Stored data entries
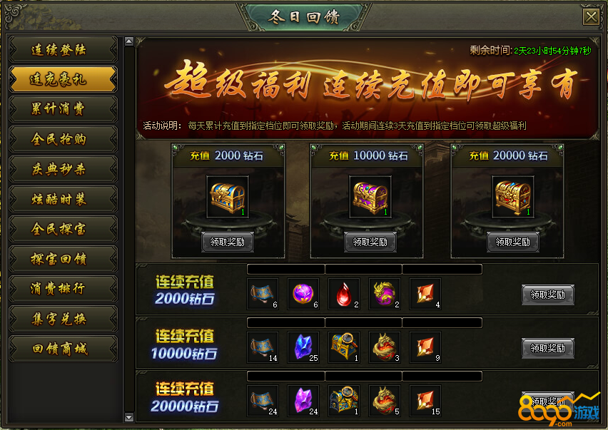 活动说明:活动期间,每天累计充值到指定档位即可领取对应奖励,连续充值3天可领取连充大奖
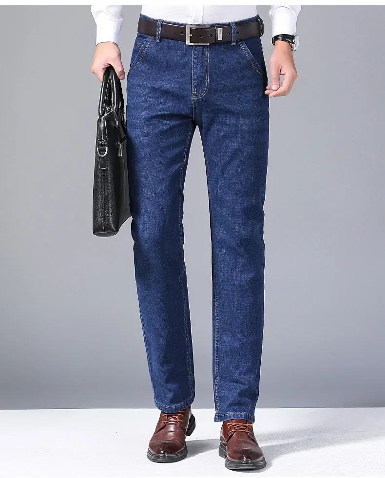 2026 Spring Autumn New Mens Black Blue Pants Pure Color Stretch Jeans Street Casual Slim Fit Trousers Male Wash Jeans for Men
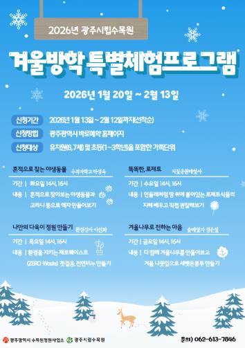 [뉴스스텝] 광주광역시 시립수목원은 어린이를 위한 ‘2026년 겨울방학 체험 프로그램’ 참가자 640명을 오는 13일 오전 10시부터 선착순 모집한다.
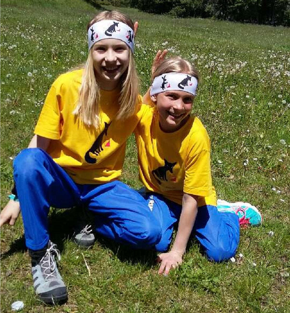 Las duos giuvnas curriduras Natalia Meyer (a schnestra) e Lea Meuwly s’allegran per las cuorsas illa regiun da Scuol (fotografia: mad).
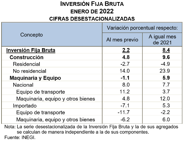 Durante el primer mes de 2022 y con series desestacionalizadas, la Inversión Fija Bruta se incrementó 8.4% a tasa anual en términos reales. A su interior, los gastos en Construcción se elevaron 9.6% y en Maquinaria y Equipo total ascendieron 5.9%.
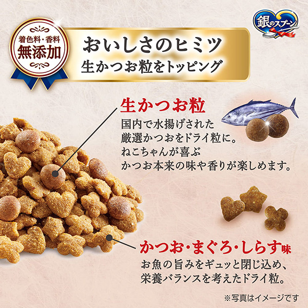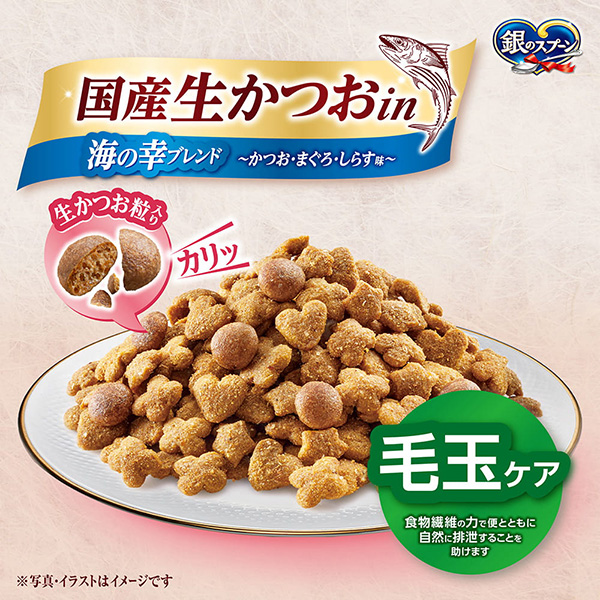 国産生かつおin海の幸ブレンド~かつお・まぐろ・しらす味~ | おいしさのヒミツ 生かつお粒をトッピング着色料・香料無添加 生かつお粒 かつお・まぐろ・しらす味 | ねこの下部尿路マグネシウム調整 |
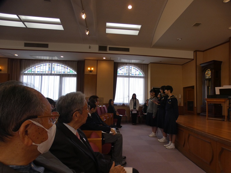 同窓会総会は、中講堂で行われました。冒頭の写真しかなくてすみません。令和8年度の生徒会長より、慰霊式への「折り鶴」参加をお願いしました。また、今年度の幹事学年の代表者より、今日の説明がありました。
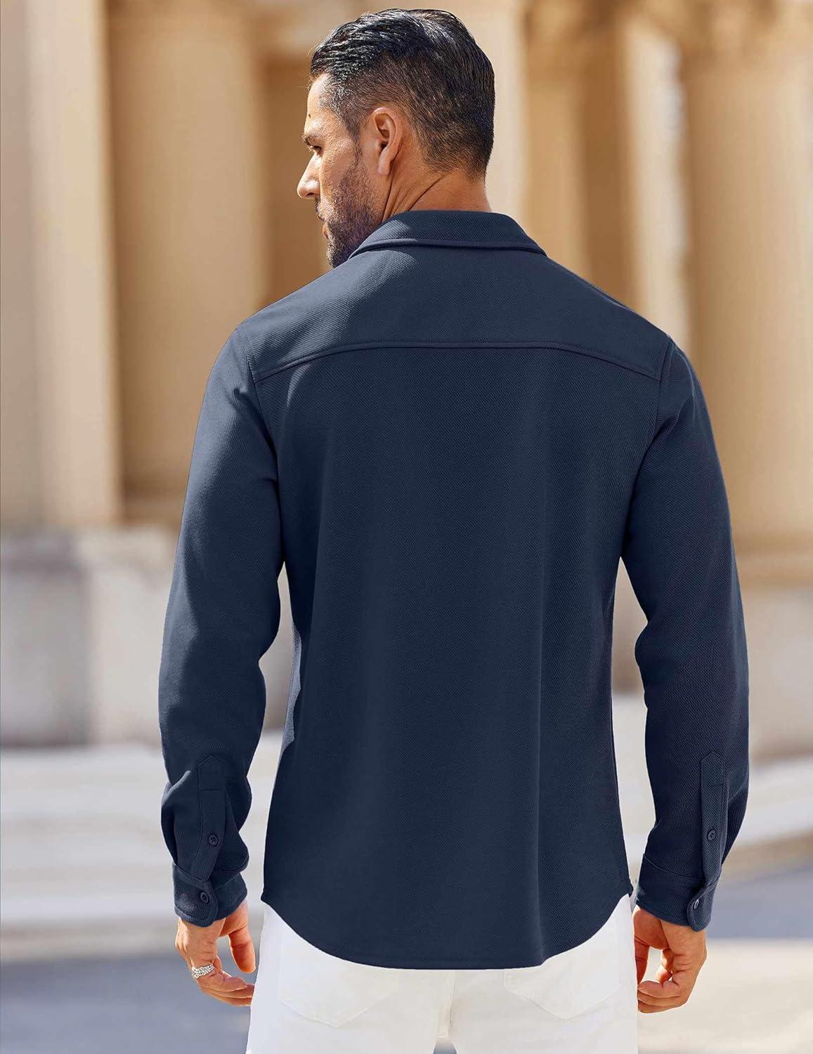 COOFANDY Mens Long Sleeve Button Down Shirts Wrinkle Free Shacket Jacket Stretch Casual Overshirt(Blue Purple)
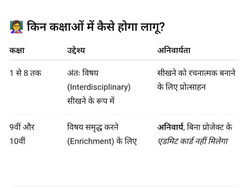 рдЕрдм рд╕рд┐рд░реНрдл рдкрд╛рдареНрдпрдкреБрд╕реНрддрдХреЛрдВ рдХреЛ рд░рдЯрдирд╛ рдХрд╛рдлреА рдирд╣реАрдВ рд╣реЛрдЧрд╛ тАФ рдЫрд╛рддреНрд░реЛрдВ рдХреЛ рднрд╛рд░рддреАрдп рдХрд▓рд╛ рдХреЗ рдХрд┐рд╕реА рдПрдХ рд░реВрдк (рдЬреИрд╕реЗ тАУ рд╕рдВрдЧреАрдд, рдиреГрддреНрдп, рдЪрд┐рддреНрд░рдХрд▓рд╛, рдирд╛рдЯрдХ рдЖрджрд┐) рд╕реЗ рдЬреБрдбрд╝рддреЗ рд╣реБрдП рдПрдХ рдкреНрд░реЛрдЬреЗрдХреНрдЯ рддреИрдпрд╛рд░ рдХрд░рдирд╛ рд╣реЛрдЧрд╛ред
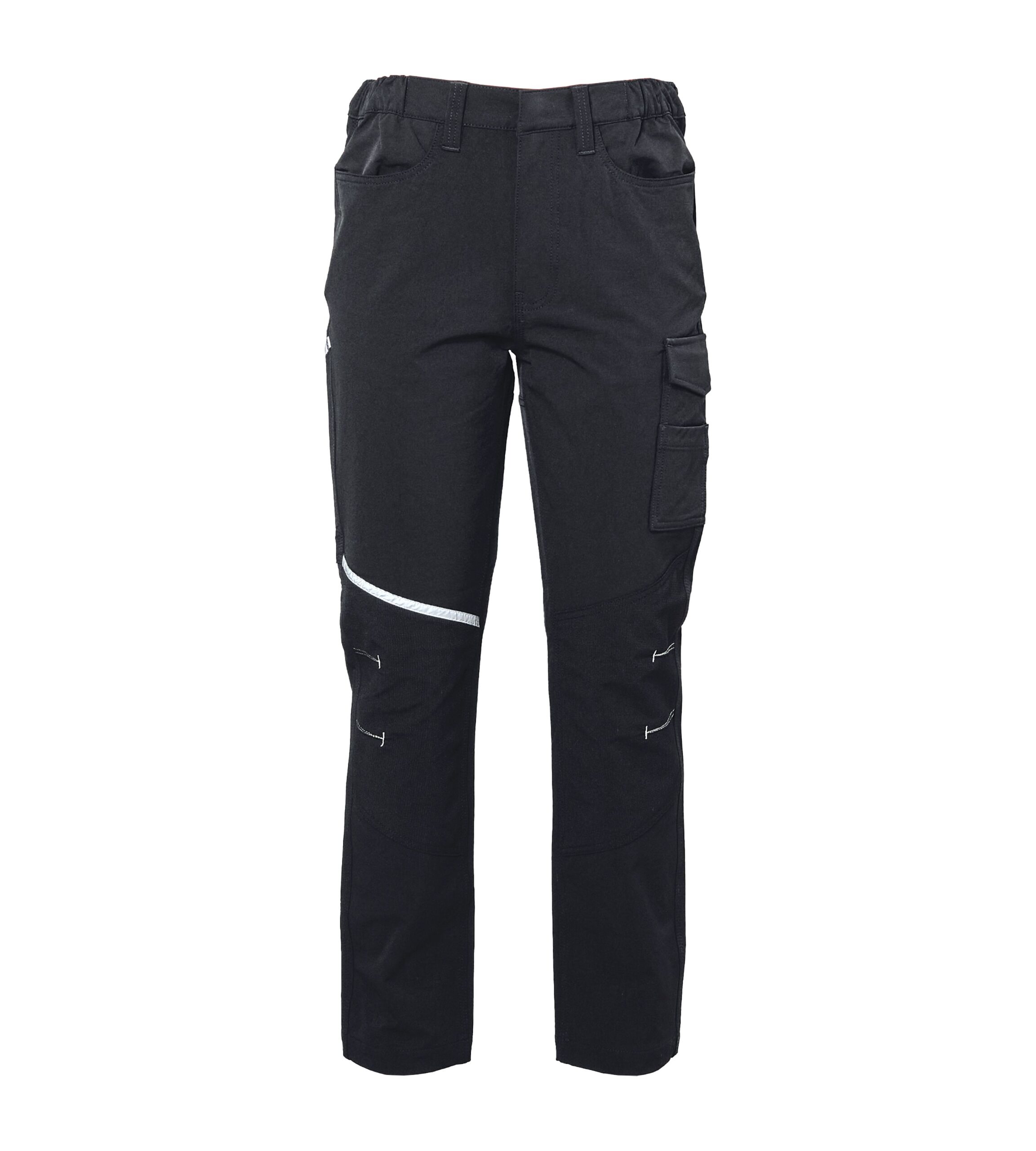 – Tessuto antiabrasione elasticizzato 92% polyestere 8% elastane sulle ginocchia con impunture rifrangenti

• [Exercise description] An exact copy of every line above, minus the pictures, is the required output.

• [Answer to this exercise]
 活动说明:活动期间,每天累计充值到指定档位即可领取对应奖励,连续充值3天可领取连充大奖
 2026 Spring Autumn New Mens Black Blue Pants Pure Color Stretch Jeans Street Casual Slim Fit Trousers Male Wash Jeans for Men
 [뉴스스텝] 광주광역시 시립수목원은 어린이를 위한 ‘2026년 겨울방학 체험 프로그램’ 참가자 640명을 오는 13일 오전 10시부터 선착순 모집한다.
 Las duos giuvnas curriduras Natalia Meyer (a schnestra) e Lea Meuwly s’allegran per las cuorsas illa regiun da Scuol (fotografia: mad).
 Durante el primer mes de 2022 y con series desestacionalizadas, la Inversión Fija Bruta se incrementó 8.4% a tasa anual en términos reales. A su interior, los gastos en Construcción se elevaron 9.6% y en Maquinaria y Equipo total ascendieron 5.9%.
 国産生かつおin海の幸ブレンド~かつお・まぐろ・しらす味~ | おいしさのヒミツ 生かつお粒をトッピング着色料・香料無添加 生かつお粒 かつお・まぐろ・しらす味 | ねこの下部尿路マグネシウム調整 |
 同窓会総会は、中講堂で行われました。冒頭の写真しかなくてすみません。令和8年度の生徒会長より、慰霊式への「折り鶴」参加をお願いしました。また、今年度の幹事学年の代表者より、今日の説明がありました。
 COOFANDY Mens Long Sleeve Button Down Shirts Wrinkle Free Shacket Jacket Stretch Casual Overshirt(Blue Purple)
 рдЕрдм рд╕рд┐рд░реНрдл рдкрд╛рдареНрдпрдкреБрд╕реНрддрдХреЛрдВ рдХреЛ рд░рдЯрдирд╛ рдХрд╛рдлреА рдирд╣реАрдВ рд╣реЛрдЧрд╛ тАФ рдЫрд╛рддреНрд░реЛрдВ рдХреЛ рднрд╛рд░рддреАрдп рдХрд▓рд╛ рдХреЗ рдХрд┐рд╕реА рдПрдХ рд░реВрдк (рдЬреИрд╕реЗ тАУ рд╕рдВрдЧреАрдд, рдиреГрддреНрдп, рдЪрд┐рддреНрд░рдХрд▓рд╛, рдирд╛рдЯрдХ рдЖрджрд┐) рд╕реЗ рдЬреБрдбрд╝рддреЗ рд╣реБрдП рдПрдХ рдкреНрд░реЛрдЬреЗрдХреНрдЯ рддреИрдпрд╛рд░ рдХрд░рдирд╛ рд╣реЛрдЧрд╛ред
 – Tessuto antiabrasione elasticizzato 92% polyestere 8% elastane sulle ginocchia con impunture rifrangenti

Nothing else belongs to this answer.